Your Living Room Could Help Save The Music Industry

Your Living Room Could Help Save The Music Industry

Shannon Curtis was playing a gig at “one of those foothill towns” in northern California, when she looked around and realized she wouldn’t be turning a profit that night.

“The guests had missing teeth. It was a down and out audience,” she told HuffPost in a phone interview.

Not exactly the dream scenario for a musician who makes her living playing for donations in homes around the country, as Curtis does.

A sign pointing to one of the residences that hosted Curtis last summer, in Montana.

The LA artist, whose gauzy ditties have scored The Hills and ABC’s Pretty Little Liars, is a new evangelist for an age-old tradition: house concerts. Last month, Curtis' how-to e-book -- typical for the genre, the title’s a mouthful: “No Booker, No Bouncer, No Bartender: How I Made $25K On A 2-Month House Concert Tour (And How You Can Too)” -- debuted at number two on Amazon’s music business best seller list, behind a tough number one to beat: David Byrne’s “How Music Works.”

The practice may be “as old as the cavemen,” but the appeal of playing inside someone’s home is novel, Curtis says. “It’s totally antithetical to what we normally get fed in terms of music and entertainment. It’s all top down in pop culture.”

The stage for one of Curtis' house concerts in Lake Forest Park, WA, featured a backdrop -- the hummingbird image off Curtis' album Cinemacope -- hand sewn by the evening's host.

For the past two years, the 39-year-old singer songwriter has supported herself through house concert tours. They last only a handful of weeks in the summer (“people are just more social” in warm months, she says), and require nothing more on her end than her Volkswagen Jetta and a keyboard. She's played from New York to Houston to Seattle, and throughout the midwest. The venues are supplied by volunteers who sometimes host in their homes or yards, or even in theaters rented out for the pleasure of putting on a show oneself.

A full house at one of Curtis' house concerts, in Houston, Texas.

Unlike Radiohead and Beyonce -- the best known entertainers who’ve skipped the middleman, prompting eulogies for the recording industry -- Curtis is what she calls a “normal” act. She touts the house concert model for her peers, those without the backing of a major label, who still want to make a living off their art. Her 2013 tour drew from her album Cinemascope and she's planning to do the same this year for a new record, Metaforma. The tours themselves double as ad campaigns, as Curtis and fans post photos hashtagged with the album names.
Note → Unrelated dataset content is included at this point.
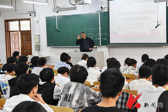 5月21日,WANMEI.COM党委常委、副校长王锡钢在博学楼A201教室以“以中国式现代化全面推进中华民族伟大复兴”为题,为矿加2024.1班、2班,卓采矿2024.1班、2班学生上了一堂精彩的思想政治理论课。
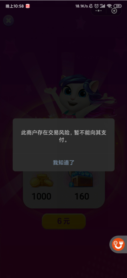 问题描述:在游戏内进行微信支付,提示此商户存在交易风险,暂时无法进行交易

Curtis plays at a fan-hosted beach concert on the Puget Sound.

Curtis says her profits have magnified since the days she played at clubs, where profits are split with the venue, booking agents and promoters. Last summer, her average take over the course of 50 house concerts was $500 per night, she says. One particularly flush night turned out $1220, a new high. She compares that to playing in a club in a new town, the type of gig where "if I walked away with a hundred bucks I’d be stoked." A donation-based model also means a single particularly moved guest might leave a whopping hundred dollar bill -- as someone did at one of her first shows.

Cowboy hats and a mountain view at one of Curtis' concerts in Trego, Mt.

But the advantages she says she's most struck by aren't monetary. She's found that fans whose interest blooms in an intimate space tend to "stick" more than those converted by traditional tours. And the absence of blinding lights and a raised stage can be a boon, artistically speaking. In a living room or yard, “there’s nothing to hide behind," she points out. What she calls "connectivity" thrives.

The overhead view at one of Curtis' tour stops in South Amboy, NJ.

From that modest northern California crowd, for instance, Curtis earned only $85, "just enough to cover our gas and food expenses for the day." But the show was worth it to her.

“By the time I was playing my second song, I could see people in the audience crying. If I’d said, ‘This show costs $10,’ they wouldn’t have come.”